Question

In a study to evaluate drug efficacy, the manufacturer of a new type of generic drug...

In a study to evaluate drug efficacy, the manufacturer of a new type of generic drug for treating a
disease wants to investigate the effectiveness of this generic drug as compared to the traditional
brand name drug, At the present time, the brand name drug is the only approved treatment for the
disease.
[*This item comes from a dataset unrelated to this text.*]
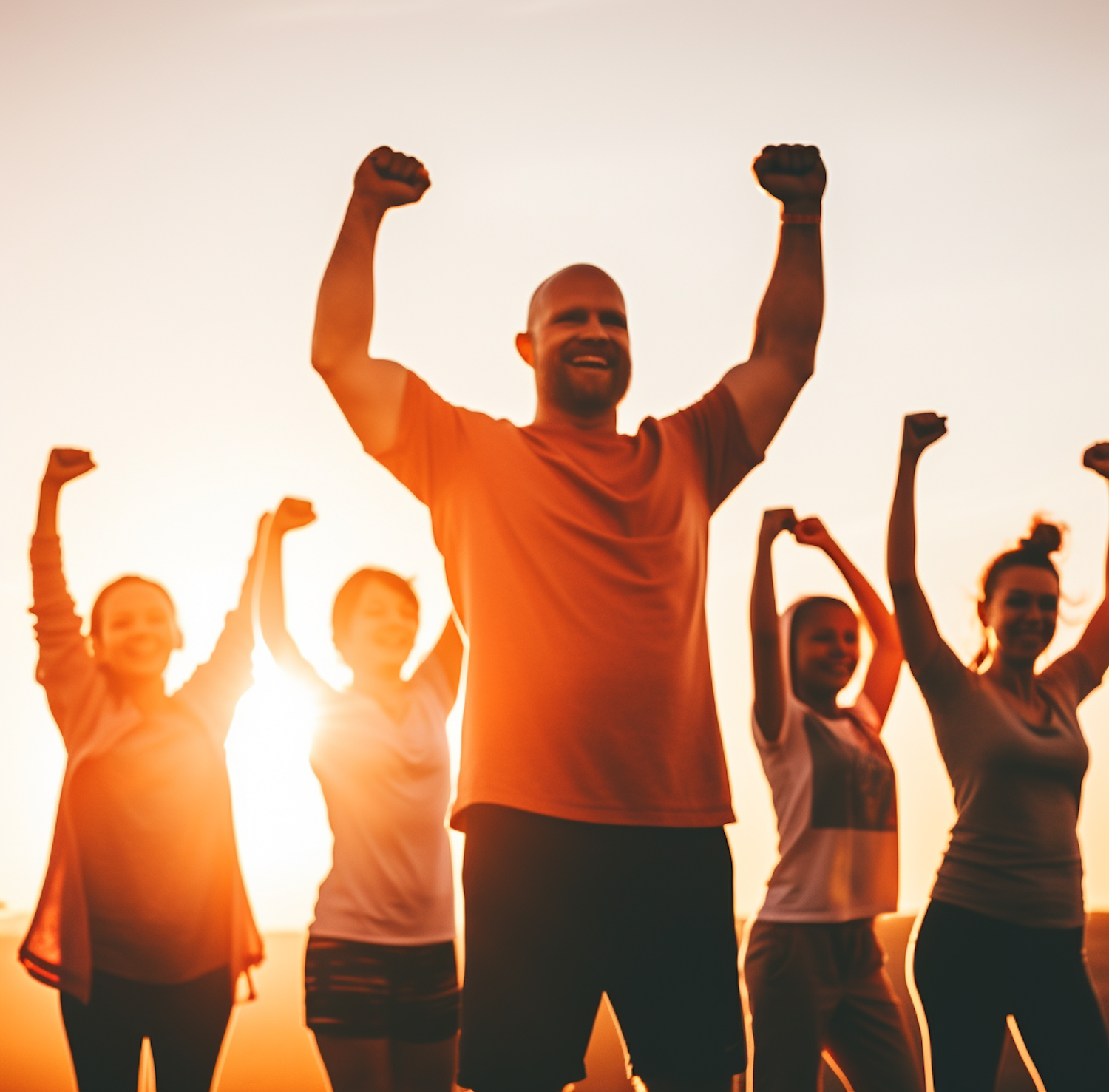 Group of people celebrating with raised arms against a sunset backdrop, exuding joy and unity.
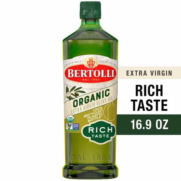 • One 16.9 fl oz bottle of Bertolli USDA and Non-GMO Certified Organic Extra Virgin Olive Oil, Rich Taste

Patients diagnosed with the disease have low concentration of a specific factor in their
blood. Treatment with the brand name drug will result in an increase in the concentration of the
specific factor in the blood. An experiment is conducted in which 10 patients currently with the
disease are randomly assigned to receive either the generic drug or the brand name drug for a
period of 9 months. After 9 months have elapsed, a measure of the concentration level of the
specific factor in the blood is obtained for each patient. The results are shown in Table Q1.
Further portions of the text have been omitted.